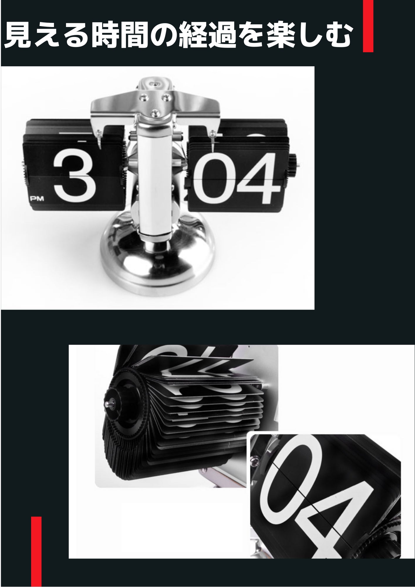 ミニマリストのデザインスタイルとメタリックな質感のレトロなスケール型のフリップクロックを作成しました。シンプルなページめくりの楽しさと独自性は、個人のコレクションだけでなく、新世代の技術的な装飾品もにもなります。
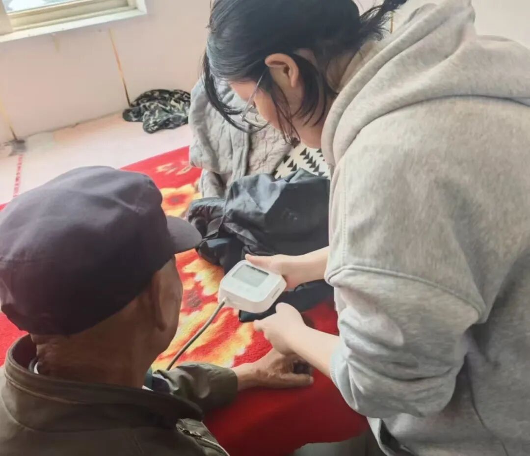 志愿者们来到老党员家中,送上了温暖的关怀与诚挚的问候。大家围坐在一起,认真倾听老人们讲述那些年代的革命故事与投身建设的奋斗历程,言语间充满了敬佩。随后,志愿者们帮助老人整理房间、打扫卫生,还拿出血压计,为老人耐心测量并记录血压状况,询问老人的身体近况。
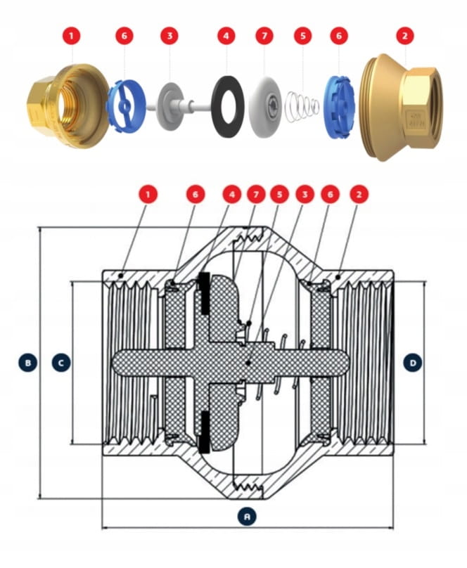 1. Pełny przepływ - unikalna konstrukcja wewnętrzna zaworu zwrotnego PIONIER umożliwia osiągnięcie charakterystyki pełnoprzepływowej (Kv=8,21 m3/h dla zaworu 1”), zachowując jednocześnie kompaktową konstrukcję dla zapewnienia łatwości montażu.
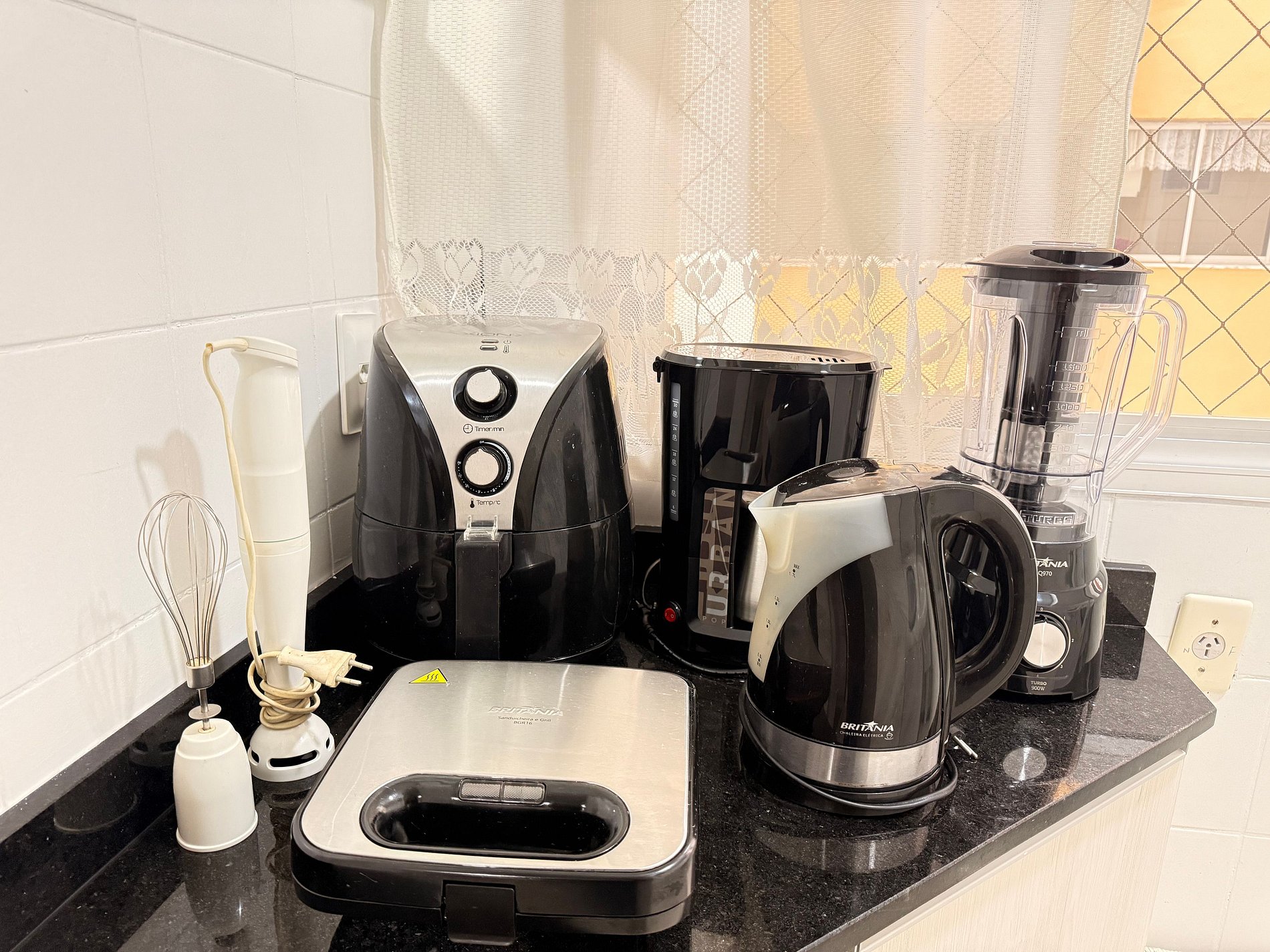 - Cafeteira elétrica, liquidificador e sanduicheira.
══════
_Your task_
Without including any picture, repeat the data exactly.

_Response_
 ミニマリストのデザインスタイルとメタリックな質感のレトロなスケール型のフリップクロックを作成しました。シンプルなページめくりの楽しさと独自性は、個人のコレクションだけでなく、新世代の技術的な装飾品もにもなります。
 志愿者们来到老党员家中,送上了温暖的关怀与诚挚的问候。大家围坐在一起,认真倾听老人们讲述那些年代的革命故事与投身建设的奋斗历程,言语间充满了敬佩。随后,志愿者们帮助老人整理房间、打扫卫生,还拿出血压计,为老人耐心测量并记录血压状况,询问老人的身体近况。
 1. Pełny przepływ - unikalna konstrukcja wewnętrzna zaworu zwrotnego PIONIER umożliwia osiągnięcie charakterystyki pełnoprzepływowej (Kv=8,21 m3/h dla zaworu 1”), zachowując jednocześnie kompaktową konstrukcję dla zapewnienia łatwości montażu.
 - Cafeteira elétrica, liquidificador e sanduicheira.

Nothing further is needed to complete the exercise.